I did some 2700 ns MD simulation of two protein ligand complexes in Gromacs. However I kept only 0.5 nm distance between protein-surface and box edge. Is it acceptable?
You probably have a lot of minimum image violations, given that most force fields require at least 1.0 nm for most short-range cutoffs. The rule of thumb is to use that short-range cutoff as the minimum solute-box distance to avoid image violations and spurious water ordering effects. Reducing the box size to speed things up has its price...
I performed the MD simulation 100ns time period of 27 proteins. And in all systems the the distance between protein surface and box edge were kept 0.5/6 nm. The proteins are tri-domain in nature with 300-320 AA length.

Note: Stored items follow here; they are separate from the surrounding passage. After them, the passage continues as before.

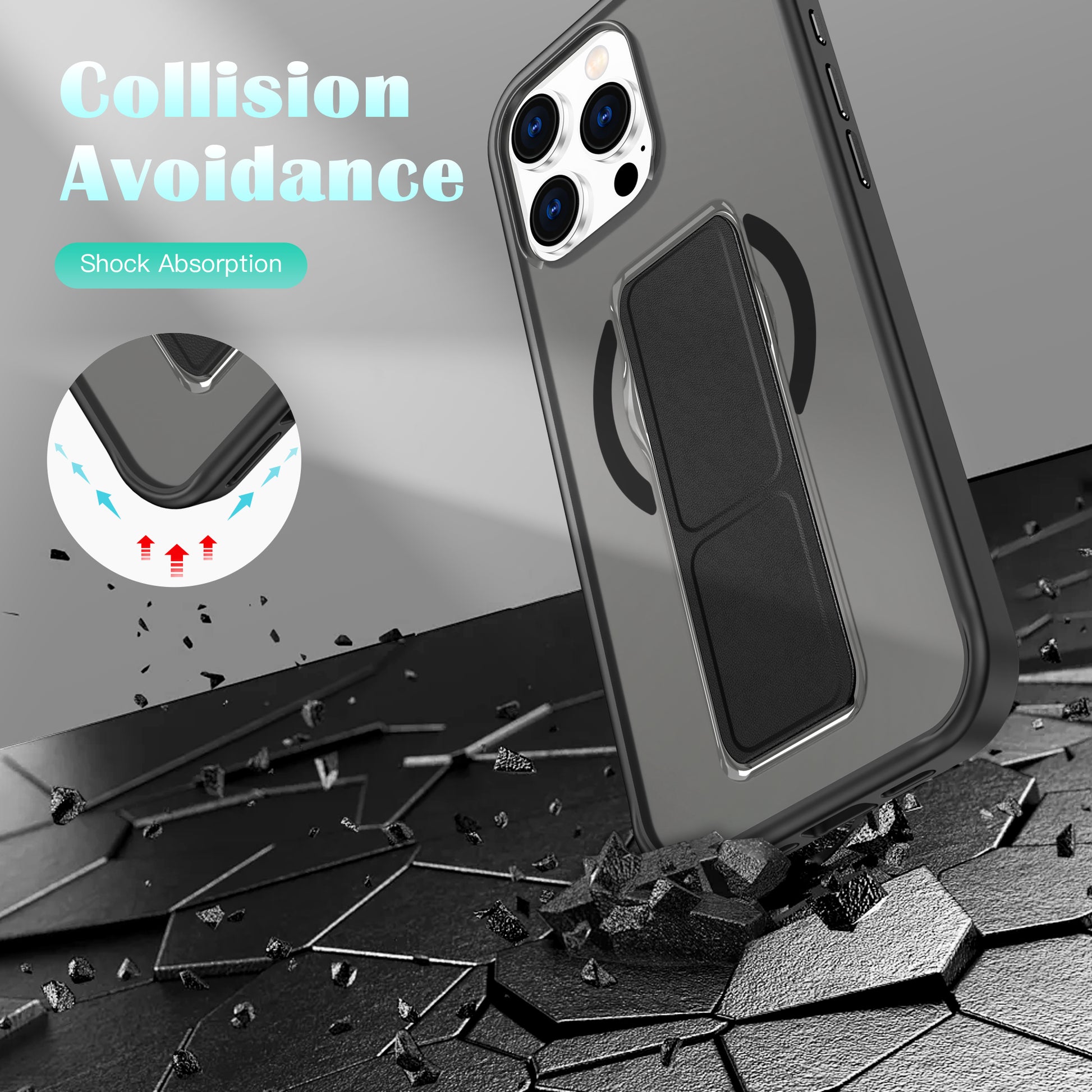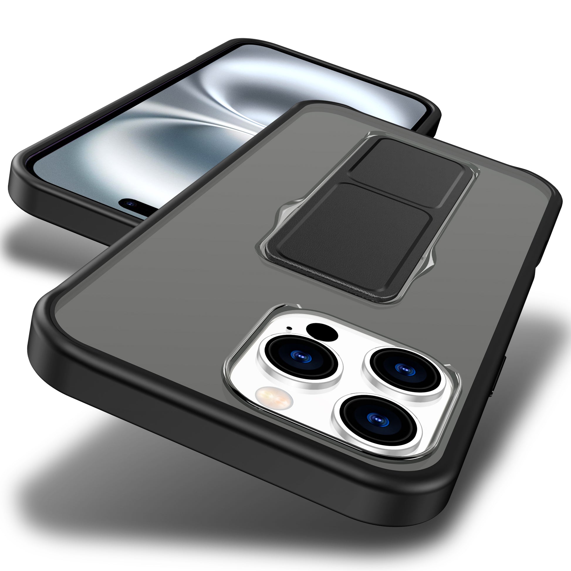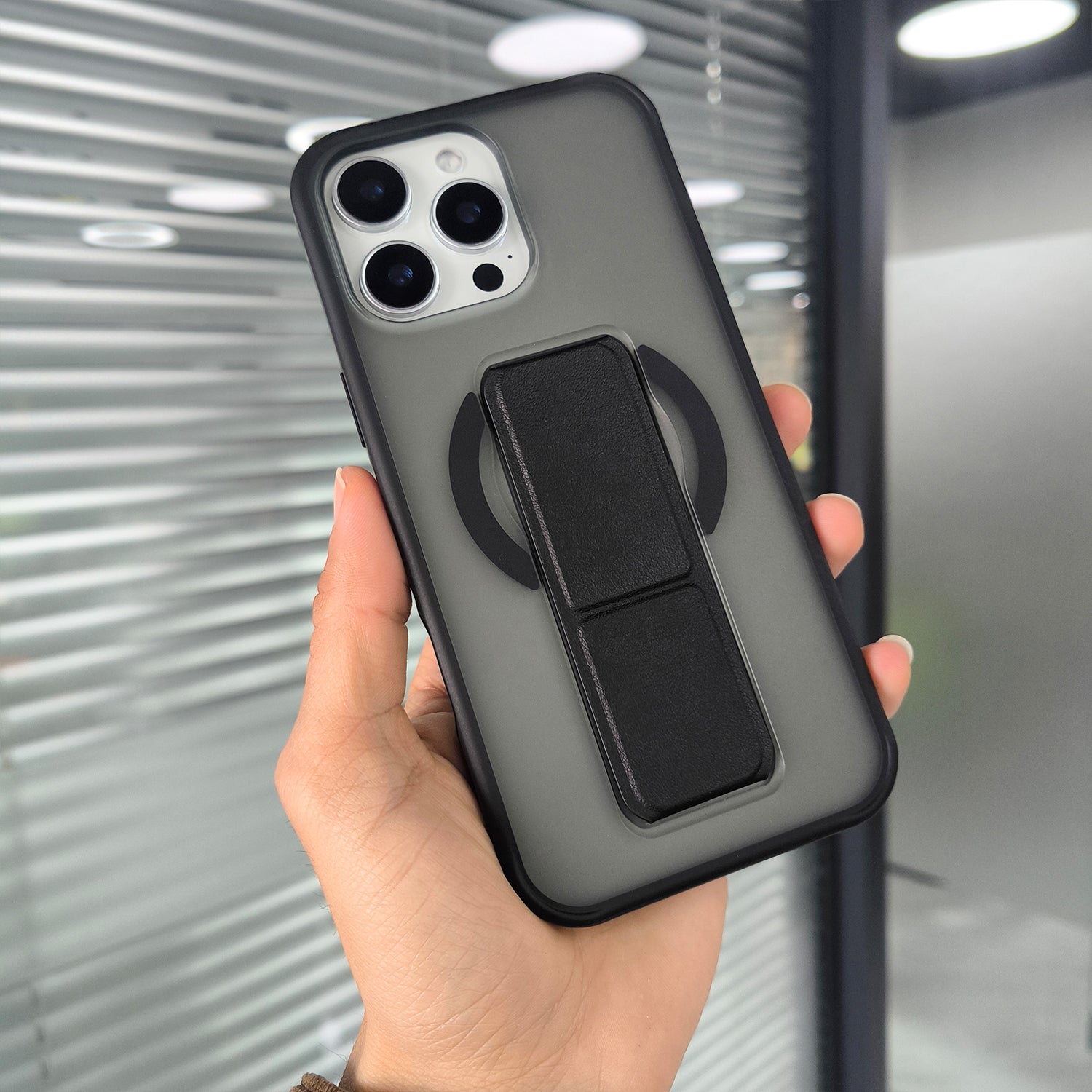 Esta funda protectora combina funcionalidad ergonómica y conveniencia moderna, ofreciendo un agarre seguro, una función de soporte manos libres y compatibilidad total con carga inalámbrica.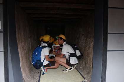 ピース大阪では、戦時中の大阪の様子を班で見学しながら、ワークシートに記入していきます。防空壕体験ゾーンでは、実際に防空壕の中に入ると、逃げ惑う人々の声や爆撃音が聞こえてきて、当時の人々の恐怖を知ることができました。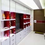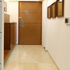4. Flush-mounted fixturesFor low-hanging entryways, flush-mounted fixtures can serve as streamlined lighting sources that offer ample light without occupying too much space. This contemporary Bengaluru entryway displays a restrained clean-lined aesthetic that is limited by space. Accessorised with circular flush-mounted fixtures, the entryway gets a break from the all-orange palette, as well as adequate lighting.Tip: A 23- to 40-watt LED bulb or several bulbs that make up the same wattage are an ideal choice for flush-mounted fixtures.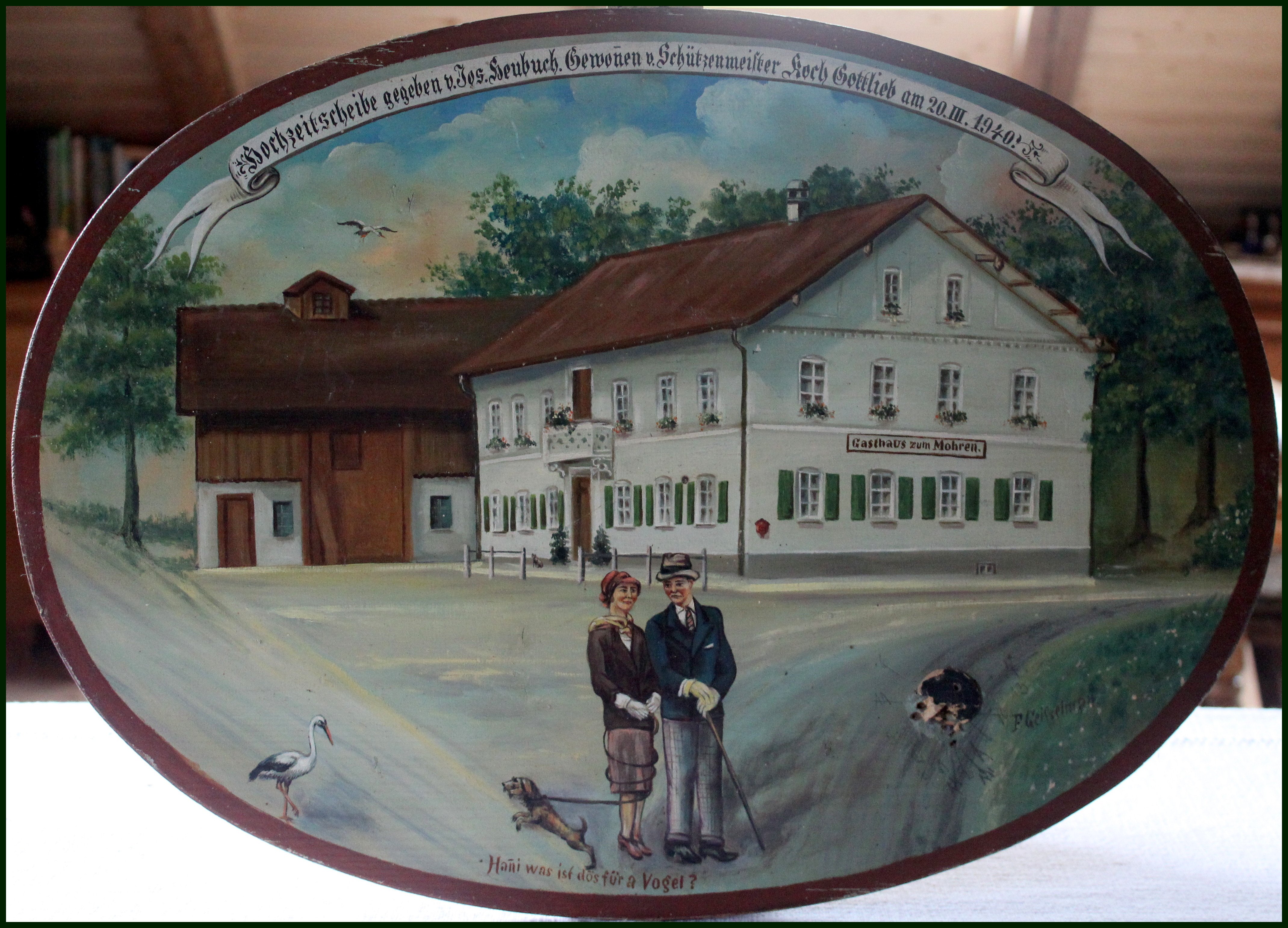 1940 Vor dem Gasthaus zum Mohren in Binzen steht das frisch getraute Ehepaar Heubuch. Ein Hündchen kläfft und zerrt an der Leine. Gleich daneben ist ein Storch gelandet.Der Mann fragt: " Hanni, was ist das für ein Vogel ? " Gewonnen hat die ovale Scheibe Schützenmeister Gottlieb Koch.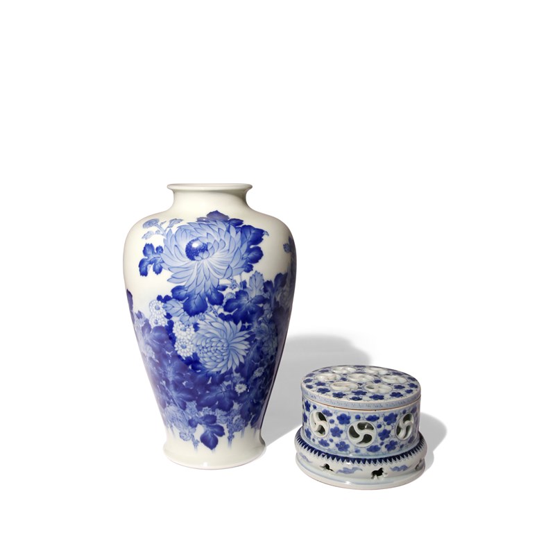 One a tall baluster vase decorated with many chrysanthemum, peonies and other flowers in underglaze blue, the base with the orchid mark of the Fukagawa Koransha company; the other a circular koro, the incense burner with mitsu tomoe swirls apertures and with flowers on a cracked ice ground, the lower section with many bats in flight, 30.5cm and 10cm respectively. (3)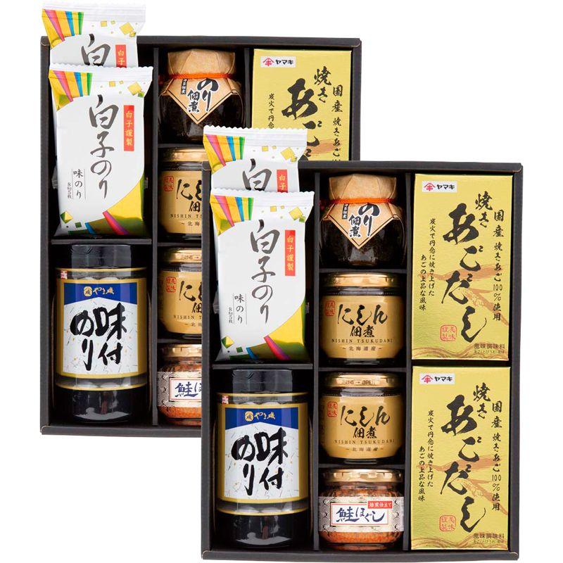 • 商品内容:北海道産にしん佃煮(45g)・ヤマキ焼きあごだし(4g×10)・白子のり味のり(8切5枚)×各4、やま磯卓上味付のり(8切32枚)・島乃香のり佃煮(80g)・オルソン鮭ほぐし(40g)×各2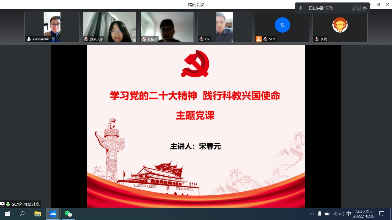 为深入学习贯彻中国共产党第二十次全国代表大会精神,20221026日,材料物理系党支部召开线上会议,开展“学习党的二十大精神,践行科教兴国使命”主题党课学习活动,支部全体党员参加学习。

I must disagree with what Richard has said. The protein's size has no bearing on the acceptable solute-box distance. With a 0.5-nm distance, a small protein will have a 1.0-nm image distance, and so too will a large protein. As you can see, the size of the protein has no bearing on this requirement. The required minimum distance is a function of the nonbonded settings used for the simulation. Now, in the case of a disordered protein or an unfolding simulation, of course a larger cutoff is needed, but the minimum image there still obeys the same requirements, only the calculation is done based on the unfolded state, not the folded state.
I agree with Justin Lemkul , in case of globular, ordered proteins like the ones I'm running right now, I will not go for a 1.0 nm cutoff provided I have adequate computational facilities. Understand the things, "cutoff"s are really the limits for nb calculations etc (coulombic, vdw etc.). So, even when you are going to perform some kind of unfolding-folding simulations to explore the conformational space, you have to give a bigger cutoff. And also, you must avoid image overlap.
As far as I can remember, there's a paper published in the early days, probably in 1992 which discussed about how cutoff values affect the stability of complexes in simulation. If you really want to speed up your simulation, you have a hell lot of options.